Aerospike Monitoring v2.8.0
Description
NOTE: The v2.8.0 Grafana dashboards are not backwards compatible with servers older than 6.0.0.0.
- This release includes 1 major feature - Connector Dashboard, Alerts and topology.
- Aerospike Monitoring Stack version 2.8.0 adds 2 dashboard, alerts and bug fixes:
- 2 dashboards to monitor connectors and connector JVM metrics.
- Enhanced alerts to cover various aspects of Connector key metric thresholds and JVM health.
NOTE:
- Aerospike Prometheus exporter 1.13.0 or greater must be used to get the Aerospike 6.4 metrics.

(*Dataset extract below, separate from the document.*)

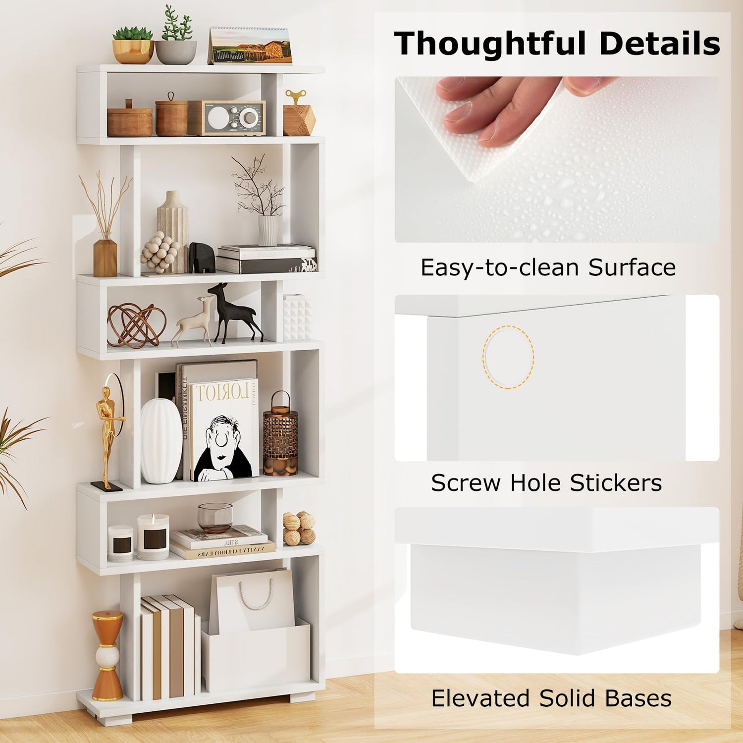 Tangkula 6-Tier S Shaped Bookcase, 64" Tall Modern Geometric Bookshelf with Anti-Tipping Kit, Home Office Freestanding Decorative Storage Display Shelf Room Divider for Living Room Study (2, White)

- The Multi-Cluster View dashboard now requires the Diagram Panel plugin.
Features
- [OM-64] - Create predefined Prometheus alert rules for Connectors.
- This release include 6 alerts to cover mandatory functional and process/health of the Connectors.
- Key alerts covered are connector-status, connector-request-lag, connector-request-errors, jvm heap, jvm cpu and jvm gc.
- This release include 6 alerts to cover mandatory functional and process/health of the Connectors.
- [OM-56] - Connectors alerts & Dashboards
- Connector view dashboard which helps to monitor 6 connectors.
- Connectors supported are - xdr-proxy, kafka-outboud, pulsar-outbound, esp-outbound, elastic-search and jms-outbound.
- Key metrics covered are - request lag, request error, success, skipped, connections, xdr record byte size, etc....
- Connector view dashboard which helps to monitor 6 connectors.
- [OM-107] - Create a dashboard for a Connector(s)
- Connector JVM view dashboard which helps to monitor JVM health of 6 Connectors.
- Connectors supported are - xdr-proxy, kafka-outboud, pulsar-outbound, esp-outbound, elastic-search and jms-outbound.
- Key metrics covered are - uptime, cpu, memory, threads, files, classes and buffers.
- Multi-cluster view dashboard is enhanced to display Aerospike Server topology using the cluster-name and xdr dc configurations.
NOTE:- To view data replication topology in multi-cluster-view.
- The cluster-name is mandatory and destination cluster-name is configured as the name of dc in xdr section of the Aerospike Server configuration.
- Connector JVM view dashboard which helps to monitor JVM health of 6 Connectors.
Fixes
- [OM-122] - Avoid duplicate defrag metric values on the namespace dashboard.
- [OM-113] - Namespace view dashboard - average objects per sprig stat.
- [OM-120] - Add high-water mark breached to the Rolling Restart dashboard.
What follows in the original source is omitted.